Funny things happen when you do phonics testing.

 Last week I wrote about how testing phonics through dictation gets very complicated very quickly. Processing sound, identifying the word, and understanding meaning is not a one way linear process. You can't decide if someone is saying porc or port until you have understood the whole sentence. So a dictation is much more than a test of knowledge of phonics.

I had a similar experience this week with reading aloud. Reading aloud is the other proposed way of testing phonics knowledge in the proposed new GCSE.

I am a big fan of reading aloud. I have always believed that if something is tricky, that means you work on it more, not avoid it. I teach phonics (the sound-spelling link) at the very start of Year 7, and then constantly reinforce it. Even when pupils are reading silently in their heads, it is important that they are sounding the words correctly. In a sense, all their reading is "reading aloud". But I am not sure about reading aloud as a test of phonics. As with dictation, the interplay between phonics and meaning is too complex.

I was doing the Debbie and Harry lessons.










It's the first lesson on Free Time with Year 8. It gives them sentences with new topic vocabulary. In sentences which are too repetitive, all with j'aime. So straight away the pupils will want to be improving this in speaking and writing, by using their conjunctions and a variety of opinions and other structures like je peux...

We did some work on phonics on some of the words. The hidden gorille in maquillage and the bébé in télé. Then the pupils had to make sense of the new vocabulary (darts, going out). Which was writing, not speaking at this stage.

The second half of the sheet is fun. Based on what they know about Debbie and Harry (names, gender, photos, a liking for darts...) they have to predict who they think likes each of these new activities:






They write them out. Then they have the opportunity to tell me in French who they think likes which activity. Which is a chance to go over manipulating j'aime into Harry aime / Debbie aime... 

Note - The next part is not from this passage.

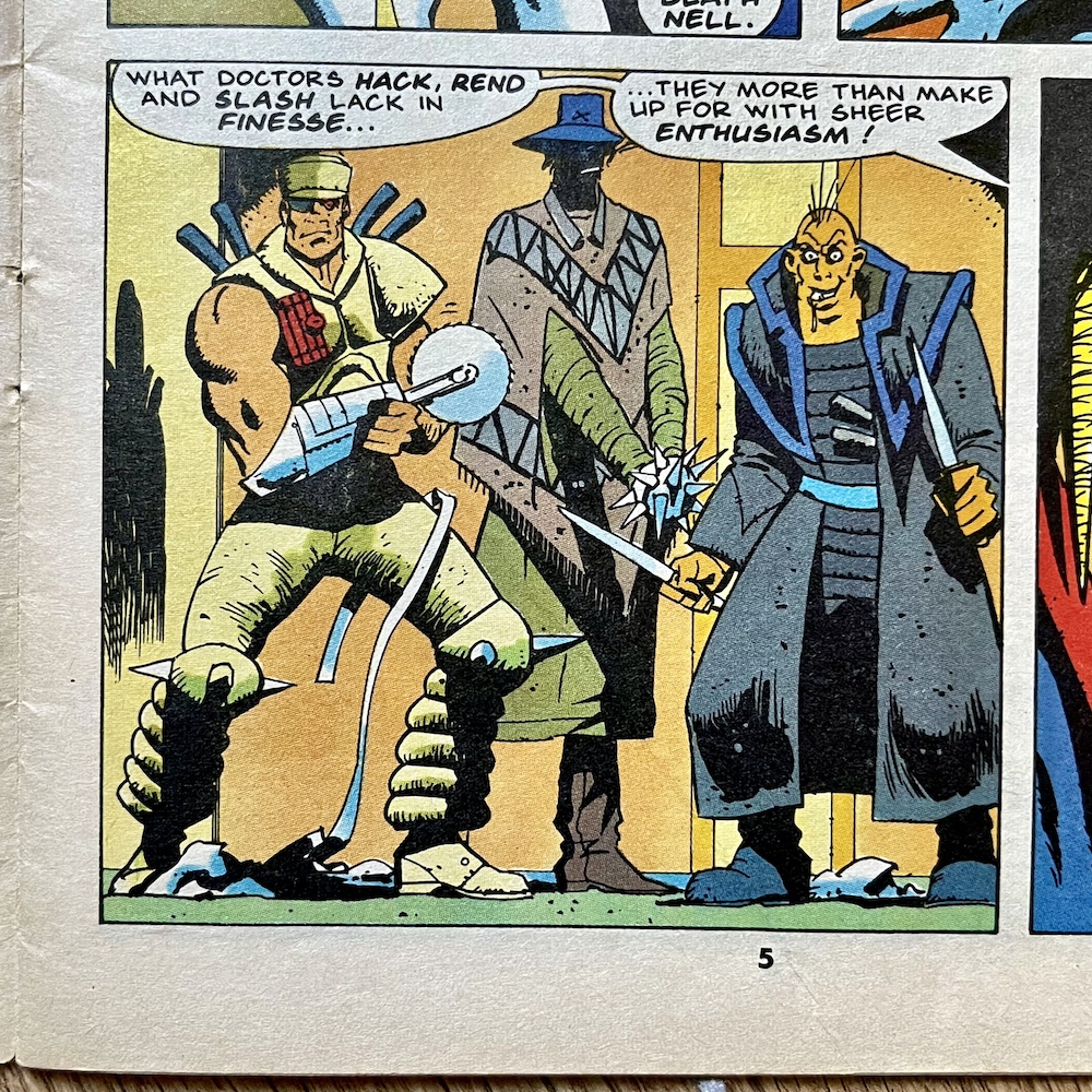 After losing three of his men in #2 to Dragon and his team, Slaughterhouse has recruited Hack, Rend and Slash who remind me somewhat of Hook, Link and Sinker, other creations of writer Simon Furman’s in Transformers. This isn’t the first (or indeed the second) time aspects of this comic seemed to contain a knowing nod towards that other title. Not much is made of these three, they’re really just here to make the numbers up, but Slaughterhouse and his true love, Death Nell play major roles this month and not just in administering a bit of chaos.
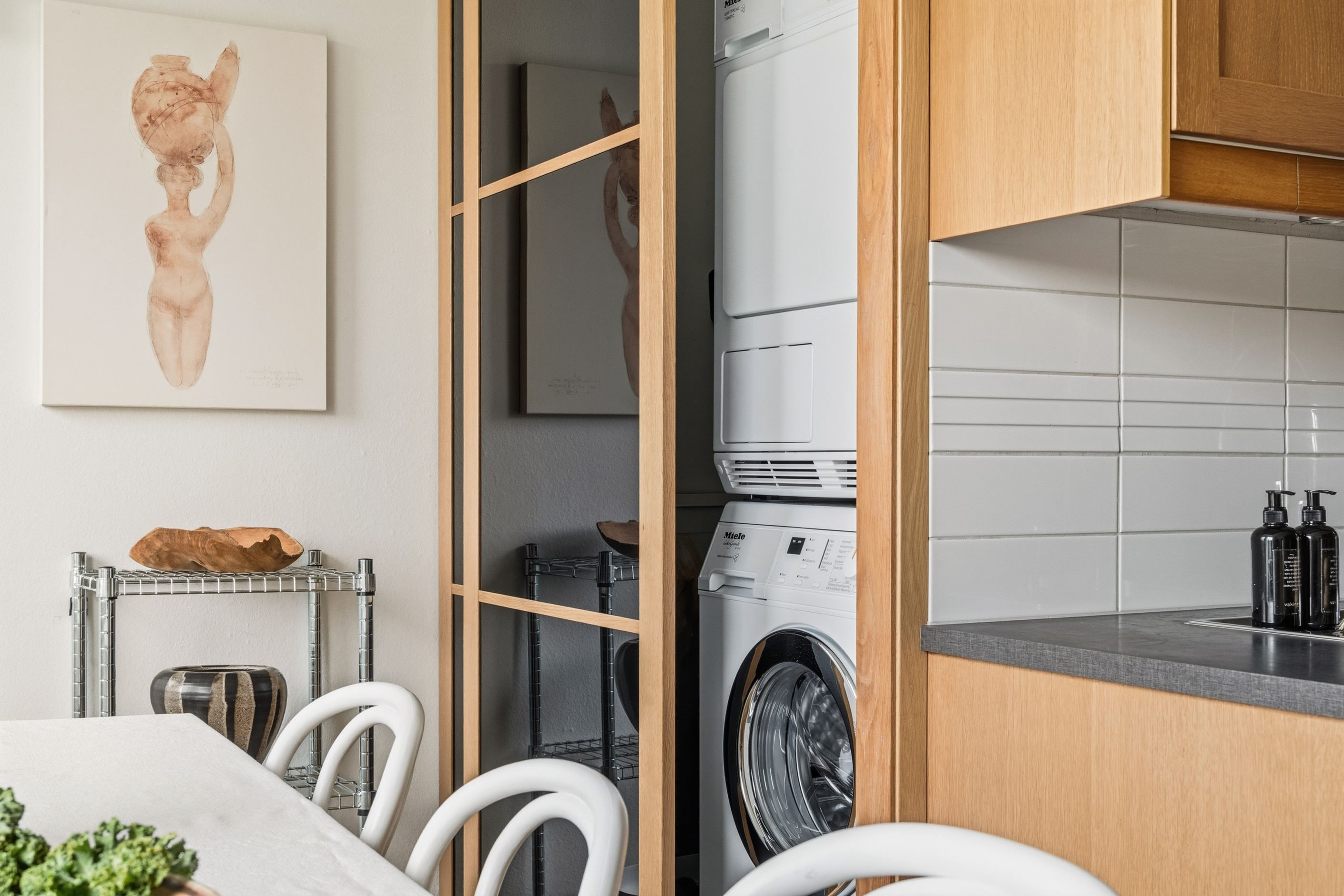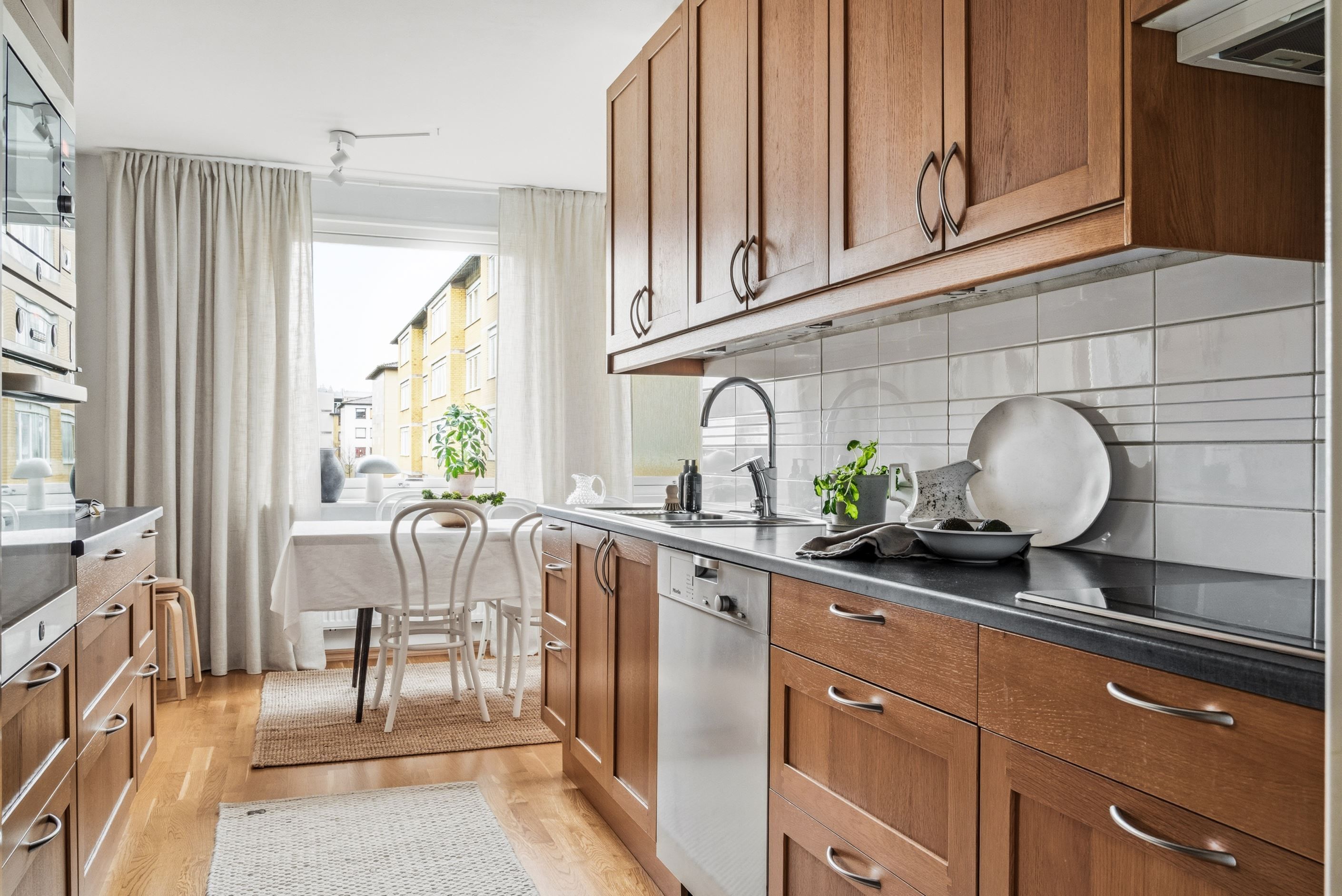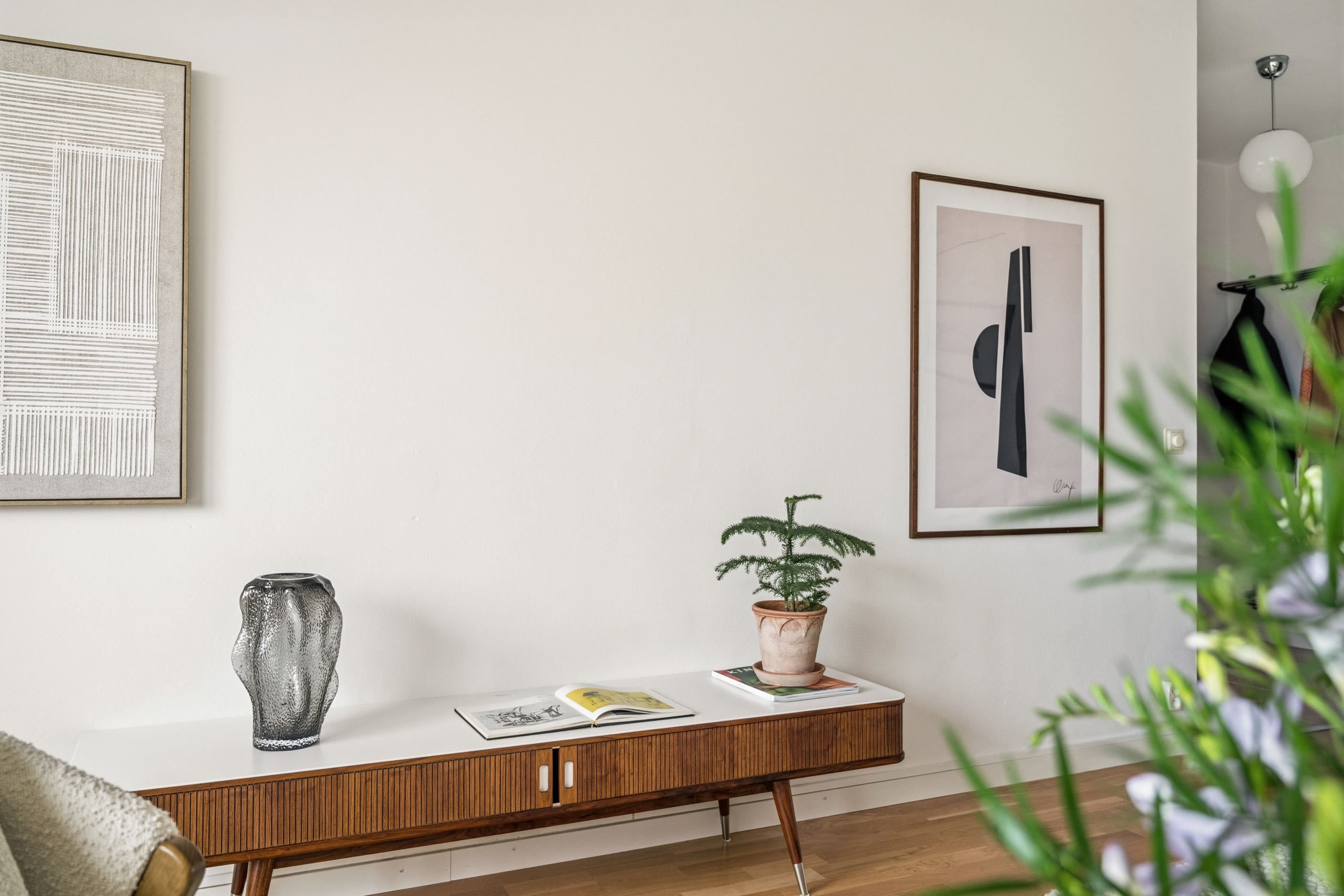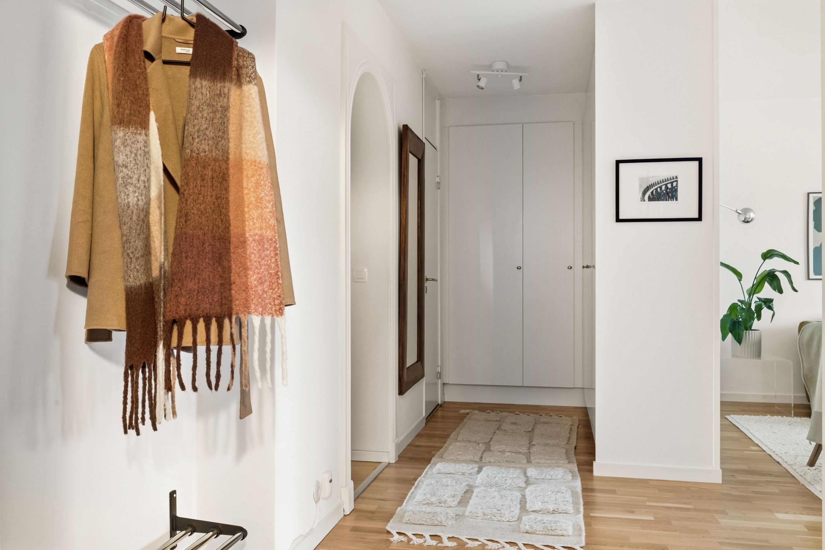 Bostaden ligger en trappa upp, vilket gör att du får ett behagligt och insynsskyddat läge samtidigt som du slipper känna av de högre våningsplanen. Från det stora sovrummet nås den trevliga balkongen i eftertraktat sydvästläge, en perfekt plats att njuta av dagens sista sol och låta sommaren bli en naturlig del av vardagen.

The next lesson, more activities follow, including a Listening where I tell them in French what activities Debbie and Harry actually like and don't like. The pupils make notes on the page as I tell them, reading a model text in the first person for Debbie and for Harry.

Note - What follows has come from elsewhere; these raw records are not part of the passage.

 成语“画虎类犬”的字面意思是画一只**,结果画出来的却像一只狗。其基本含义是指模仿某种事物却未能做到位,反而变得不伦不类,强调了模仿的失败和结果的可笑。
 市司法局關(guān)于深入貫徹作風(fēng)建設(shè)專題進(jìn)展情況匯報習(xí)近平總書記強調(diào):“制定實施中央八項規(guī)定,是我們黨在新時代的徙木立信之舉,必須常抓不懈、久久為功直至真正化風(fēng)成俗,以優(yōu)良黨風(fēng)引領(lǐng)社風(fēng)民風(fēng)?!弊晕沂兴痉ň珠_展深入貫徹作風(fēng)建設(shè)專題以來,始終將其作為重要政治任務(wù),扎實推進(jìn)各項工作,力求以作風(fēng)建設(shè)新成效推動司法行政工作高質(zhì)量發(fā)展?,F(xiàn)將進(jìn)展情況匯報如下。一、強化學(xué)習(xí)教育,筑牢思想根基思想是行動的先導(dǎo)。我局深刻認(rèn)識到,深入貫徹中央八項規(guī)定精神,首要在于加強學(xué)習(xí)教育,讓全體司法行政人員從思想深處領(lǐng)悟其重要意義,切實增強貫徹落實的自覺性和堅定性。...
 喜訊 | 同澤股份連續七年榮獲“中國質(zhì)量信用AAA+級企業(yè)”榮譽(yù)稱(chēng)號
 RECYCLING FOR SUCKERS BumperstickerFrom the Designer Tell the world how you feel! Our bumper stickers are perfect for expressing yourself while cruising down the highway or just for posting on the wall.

We then co-constructed the text on the board. With pupils telling me in French their suggestions for what to write. Changing the je to il/elle, adding conjunctions, and giving better alternatives to the repetition of aime... All of this without me having to correct pronunciation. Either of known words (adore, mais, peut) or the new words (conduire, fléchettes).

The main part of the third lesson is to ask the pupils to write their own paragraph for a 3rd person whose photo I show on the board, writing their own version of what they think they like/don't like. But first, I did some work on reading aloud the paragraph we had co-constructed in the previous lesson. It didn't go well.

In the previous lesson, giving me their guesses as to who liked what, the pupils were working from text to speech, but mainly concentrating on telling me something. As we constructed the paragraph, they were working from some known language and some new language presented in text. Mainly concentrating on the coherence and variety of the paragraph we were creating. Without pronunciation being a big issue.

Not so when it came to reading aloud. There was something about the focus on a body of text and the explicit focus on sound that kept making it go wrong. Silent letters pronounced. Cognates pronounced as if they were English words. Worse than when we weren't focusing on pronunciation.

And the solution was to ask the pupil to read ahead in their head. And then look up from the text and tell me what it said in French. Reading aloud, focusing on a word at a time or a syllable at a time, was having a strange effect. Instead of making their reading more correct, it was spoiling it. Reading a whole sentence silently, understanding it, and saying it, with support from the text when needed, was much more successful.

I have never agreed with the 1990s approach of not allowing reading aloud because it would corrupt the pupils' pronunciation. But those teachers weren't being willfully stupid. It's not easy and it's not straight forward. And as with dictation, the link between sounding out and the brain's need to find meaning was getting muddled. Reading aloud wasn't testing phonics. 

What is a reading aloud phonics test going to look like? How prepared are we to teach pupils how to tackle this? Will we advise them to read it for meaning first? Do we understand how meaning and pronunciation interact? And whether reading syllable by syllable is good for careful accuracy or actually distorts? Is this the same for different languages? (I know in Spanish I tell pupils the important thing is NOT to look up from the word.)

If this is how our pupils are to be tested at GCSE we need to gear up massively to have effective teaching in place. It is more complex than you think. And the exam boards have a lot of work to do to work out what sort of tests and texts will actually test the phonics.